Throughout his life he was keenly interested in birds of prey, which resulted in him often taking a hawk into pubs with him in his youth. He was also a talented artist, contributing artwork to many of the albums he was featured on.

He was the subject of a 2018 TG4 documentary about his life, in which he revealed that he had cancer.
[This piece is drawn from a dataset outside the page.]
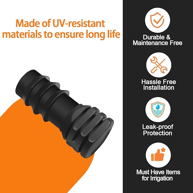 - Versatile and Essential: These end caps are crucial for any drip irrigation system, providing a secure seal to prevent water leakage. They are ideal for both residential and commercial applications, ensuring efficient and reliable operation of the irrigation system. Perfect for small gardens or large-scale agricultural setups, these end caps conserve water and protect the surrounding area, making them a practical choice for a wide range of irrigation needs.

He died shortly after the programme was aired, in November 2018.

==Discography==
- Frankie Gavin & Alec Finn (1977)
- Feadóga Stáin, with Mary Bergin (1979)
- Noel Hill & Tony Linnane, with Noel Hill and Tony Linnane (1979)
- Feadóga Stáin 2, with Mary Bergin (1993)
- Blue Shamrock, solo (1994)
- The Wind Among the Reeds, with Tommy Keane & Jacqueline McCarthy (1995)
- Frankie Goes to Town (1999)
- Springwell, with Kevin Macleod (1999)
- Polbain to Oranmore, with Kevin Macleod (2003)
- Innisfree, solo (2003)
- Waiting for a Call, with Tommy Peoples (2003)
- At Complete Ease, with John Carty & Brian Rooney (2011)
- The Corner House Set, with Frankie Gavin, Aidan Coffey and Colm Murphy (2016)
- Alec & Cian Finn, with Cian Finn (2018)
- Traditional Irish Music on Fiddle and Bouzouki, Volume II (2018)
With De Danann
- De Danann (1975)
- The 3rd Irish Folk Festival In Concert (1976)
- Selected Jigs, Reels and Songs (1977)
- The Mist Covered Mountain (1980)
- Star-Spangled Molly (1981) (see The De Dannan Collection)
- Best of De Dannan (1981)
- Song For Ireland (1983)
- The Irish RM (1984)
- Anthem (1985)
- Ballroom (1987)
- A Jacket of Batteries (1988)
- Half Set in Harlem (1991)
- Hibernian Rhapsody (1995)
- De Dannan Collection (1997)
- How the West Was Won (1999)
- Welcome to the Hotel Connemara (2000)
- Wonderwaltz (2010)

==Articles & References==
- Interview (1991) + discography, by Paul Magnussen
- Kevin Macleod's obituary for Alec, containing lots of detail about his life.
- Long, Harry. (2005). The Waltons Guide to Irish Music: A Comprehensive A-Z Guide to Irish and Celtic Music in All Its Forms, Waltons Publishing, Dublin, Ireland, p. 136-7, ISBN 1-85720-177-9.
- Phinn, Gervase. (2010) Road to the Dales. The Story of a Yorkshire Lad. Michael Joseph Ltd., ISBN 978-0718149116
- Wallis, Geoff & Sue Wilson. (2001). The Rough Guide to Irish Music, Rough Guides, London, England, p. 377-9, ISBN 1-85828-642-5.